Unseasonably warm for September. But he liked it. Liked the dampness in the air, liked the music of the rain, and loved the seamless and never-ending roar of the city, as much a part of it as the great river was a part of New Orleans, the innumerable population around him holding him safe in this tiny walled place that was their garden, where the lilies opened their white throats and powdery yellow tongues to the rain.

On the page, Louis read the words he’d spoken years ago to Daniel Malloy when Daniel had been an eager and enchanted human, listening to Louis so desperately, and his tape recorder had seemed such an exotic novelty, the two together in that bare dusty room on Divisadero Street in San Francisco, unnoticed by the Undead world.

“ ‘I wanted love and goodness in this which is living death. It was impossible from the beginning, because you cannot have love and goodness when you do what you know to be evil, what you know to be wrong.’ ”

With his whole being Louis had believed those words; and they had shaped the blood drinker that he was then, and the blood drinker he remained after for many a year.

And was that dark conviction not still inside him, under the veneer of the resigned and contented creature he appeared to be now?

He didn’t honestly know.
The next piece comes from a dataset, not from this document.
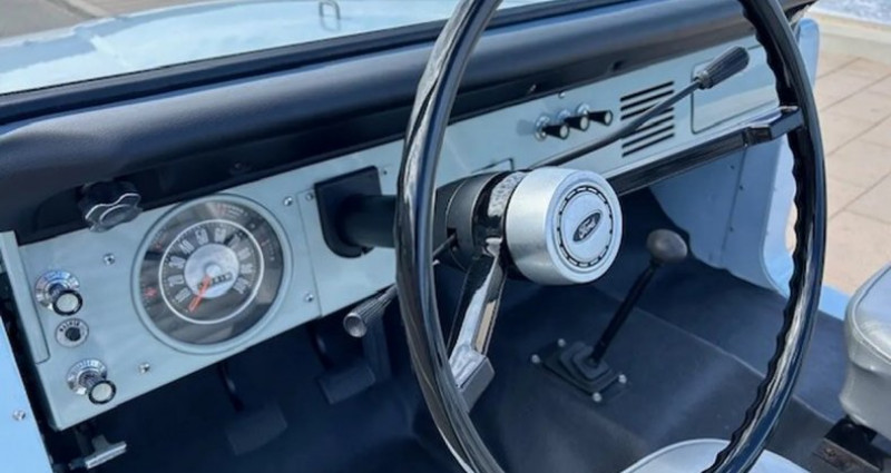 Le 1966 Ford Bronco U13 Roadster est un modèle rarissime qui a bénéficié d'une restauration exceptionnelle de bout en bout. Ce véhicule, offert pour la première fois en 1966, a été conçu par Ford pour répondre à la demande croissante des jeunes acheteurs en matière de véhicules utilitaires tout-terrain. Le Bronco était un deux-portes, basé sur une plate-forme courte (92 pouces) et possédait une suspension et un châssis uniques. La puissance venait des mêmes moteurs Ford et la boîte de vitesses était empruntée aux camions de la gamme F-series. Le Bronco était disponible en trois styles de carrosserie différents : station wagon, pickup ou roadster, et il était équipé de nombreux accessoires pour l'utilisation off-road tels qu'un saut-de-moi, une grue et un bar de remorquage. Le design était simple et fonctionnel, avec des pare-chocs et des vitres simples, tout en étant attractif grâce aux côtés contournés de la carrosserie. Le Bronco U13 Roadster est le plus rare des trois styles de carrosserie proposés, avec seulement 5 000 exemplaires produits sur trois ans avant que l'option ne soit abandonnée en raison de ventes lentes. C'était le plus sportif des trois styles de carrosserie, avec des sièges arrière, une banquette arrière à deux personnes, sans portes, toit ni jantes, et un intérieur très minimaliste. Le roue de remplacement était fixé à l'intérieur de la portière arrière et les sièges étaient recouverts de tissu argenté. Le véhicule a été restauré avec soin pour retrouver son état d'origine et il est fini en bleu Arcadian clair avec des bandes de couleur blanche aux portes. Les détails de la restauration sont soignés et le véhicule ne paraît pas sur-restauré. Le moteur est un six cylindres en ligne de 170 pouces cubes, qui a été détaillé pour retrouver son aspect original. Ce moteur est connu pour sa robustesse et en combinaison avec la légèreté du Bronco, il livre une performance acceptable grâce à une puissance de 105 chevaux.. Provenance : CA, USA. Disponibilité : 7 semaines, clés en main. 85 500 € tout compris (import, taxes, procédure d'immatriculation). Annonce publiée le 19/10/2025

He remembered completely how he had spoken then of chasing “phantom goodness” in its human form. He looked down at the page.
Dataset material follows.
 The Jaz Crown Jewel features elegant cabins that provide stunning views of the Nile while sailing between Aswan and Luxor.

“ ‘No one could in any guise convince me of what I myself knew to be true, that I was damned in my own mind and soul.’ ”

What had really changed? He’d learned once more somehow, after Lestat had shattered the Undead realm with his antics and his pronouncements, to live from night to night in a semblance of happiness, and to seek for grace once more in the music of operas, symphonies, and choruses, and in the splendor of paintings old and new, and in the simple miracle of human vitality all around him—with Armand and Benji and Sybelle at his side. He had learned his old theology was useless to him and perhaps always had been, an incurable canker inside him rather than a spark to kindle any kind of hope or faith.

But now a new vision had taken hold of him, a new witness to something he could no longer deny. His mind was no longer stubborn and locked against its vagrant possibilities and wild, escalating light.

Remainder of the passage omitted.